Workers turn to renting out vans, attics to beat cost crunch
By John Collett
Australians looking for extra income to help pay the mortgage or school fees are increasingly turning to unused and unusual assets – such as storage spaces and campervans – by renting them out to others via sharing economy platforms.
This ability to earn “passive” income is appealing to professional musician and music producer Delaney Stewart and his wife, Lyndall Wallace, who rent out their campervan.
The Melbourne couple’s mortgage repayments are about double what they were before interest rates started to rise and, with two young children, every extra dollar helps. They converted their transit van to a campervan during the 2020 COVID-19 lockdowns, while Stewart’s music studio was closed.
During the financial year just ended, the couple rented out their campervan more than 40 times on the sharing economy platform Camplify for a total income of about $35,000.
Stewart says the extra $600 or so a week from renting out the campervan really helps to manage the sharp rise in mortgage repayments on their Brunswick East home.
“The interest rate increase is extreme, and the extra money helps us stay level [financially] and also provides us with a vehicle to do short trips in,” Stewart says. “It helps us continue to be able to live in an area that we like living in.”
Stewart and Wallace spend about two hours with each booking showing those renting the campervan its features, including the time spent cleaning it.
Once dominated by Silicon Valley startups such as Uber and Airbnb, the sharing economy has moved beyond just sharing cars and accommodation.
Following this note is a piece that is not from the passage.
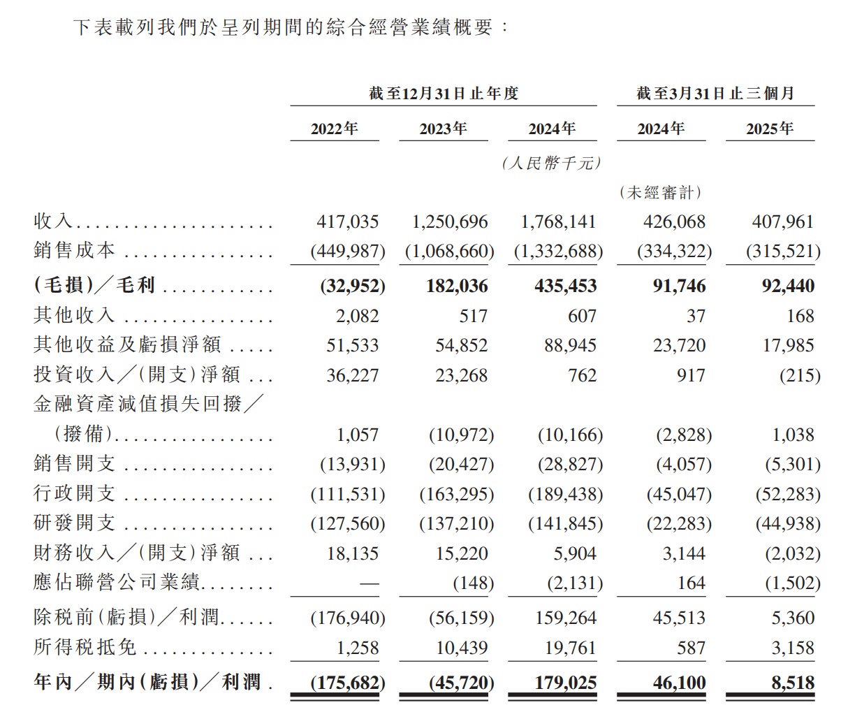 财务方面,于2022年度、2023年度、2024年度、2025年截至3月31日止三个月,天岳先进实现收入分别约为4.17亿元、12.51亿元、17.68亿元、4.08亿元人民币;同期,公司实现利润分别约为-1.76亿元、-0.46亿元、1.79亿元、0.09亿元人民币。
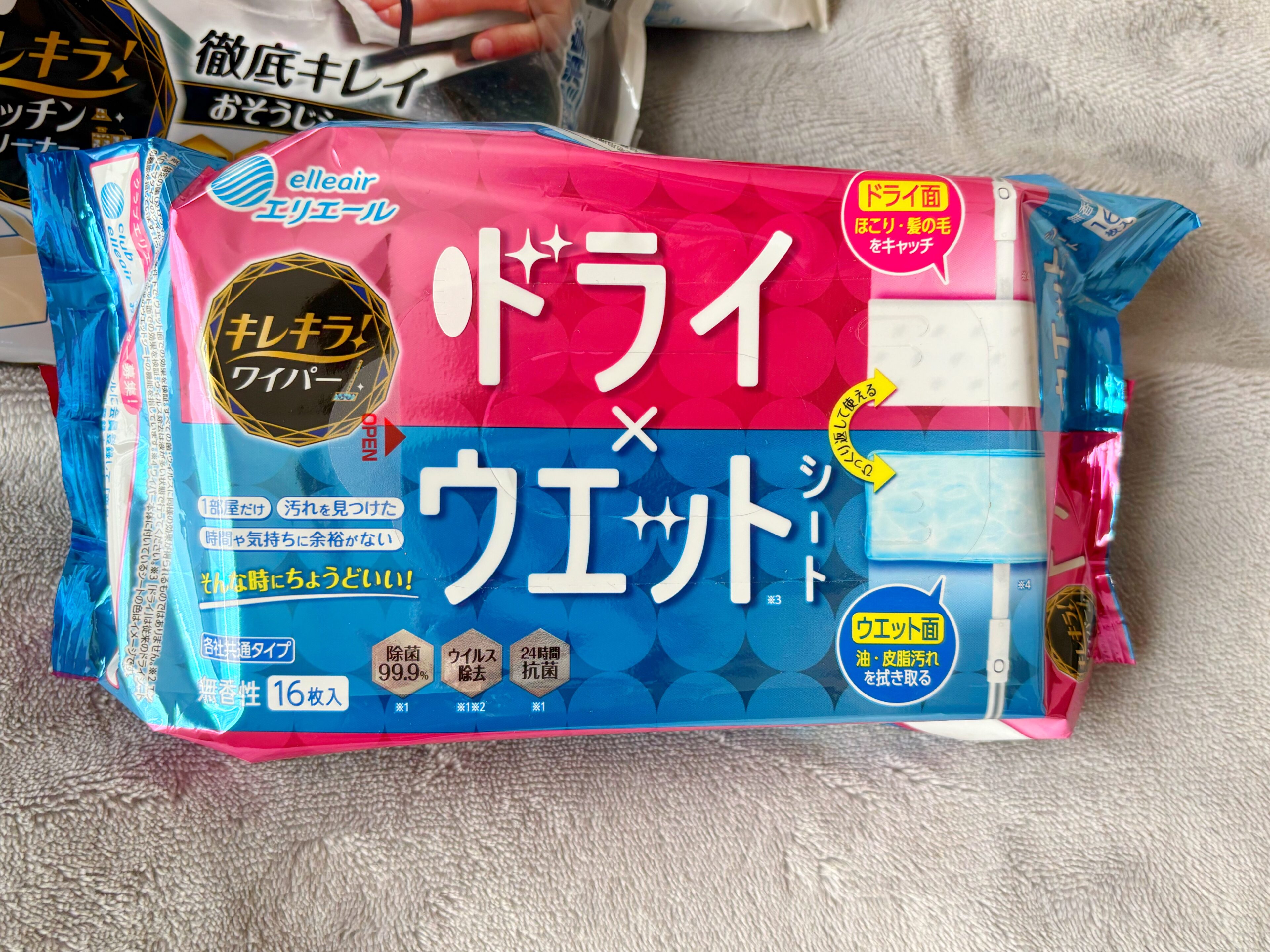 今までは乾拭き用と水拭き用を2種類準備していましたが、これ一つで床掃除を済ませることができるため、収納スペースやごみ削減にも繋がりました。

While reliable figures on the size of the industry are difficult to come by, there are now platforms in Australia that allow the sharing of spaces, like attics, bedrooms, garages and parking spaces. There are even platforms for fashion, where people can hire clothes, such as dresses suited to formal occasions.
Mike Rosenbaum, the chief executive of Spacer Technologies – a business that owns the storage and parking space marketplaces Spacer and Parkhound – says the number of users of both platforms is growing strongly.
He says the rise in the cost of living is seeing homeowners seeking to earn extra cash by renting spare spaces in their homes, garages, warehouses and renting out their spare parking spaces.
Anyone thinking of renting out a spare asset should factor in that income from a sharing economy platform is taxable income, just like any other form of income, and must be declared in tax returns.
The Australian Taxation Office (ATO) can already request transaction data from sharing economy platforms. It employs increasingly sophisticated data matching protocols to match those transactions with income tax returns.
This financial year is the first in which platforms offering ride-sourcing, such as Uber, and short-term accommodation platforms, such as Airbnb, are required to report all their transactions to the ATO automatically.
From July 1, 2024, the requirement will be extended to other types of platforms, such as those where hosts can hire out storage spaces or hire people to deliver food. The ATO says the information from platforms will be matched against what is reported in tax returns.
“This isn’t a game of Guess Who, as our sophisticated data-matching programs provide us with all the clues we need to track down taxpayers with incorrect information in their tax return,” says Tim Loh, ATO assistant commissioner.
“While the ATO has received data from a number of digital platforms in the past, this legislative change means more platforms will be required to regularly report into the future.”
Each sharing platform has its own terms and conditions, including “guarantees” of varying degrees of coverage, that platforms say protect users from some types of incidents, such as damage and theft.
Those who hire through a platform and those who trade or host through a platform have the same rights and responsibilities under Australian consumer law as if the transactions were occurring in-store.
- Advice given in this article is general in nature and is not intended to influence readers’ decisions about investing or financial products. They should always seek their own professional advice that takes into account their own personal circumstances before making any financial decisions.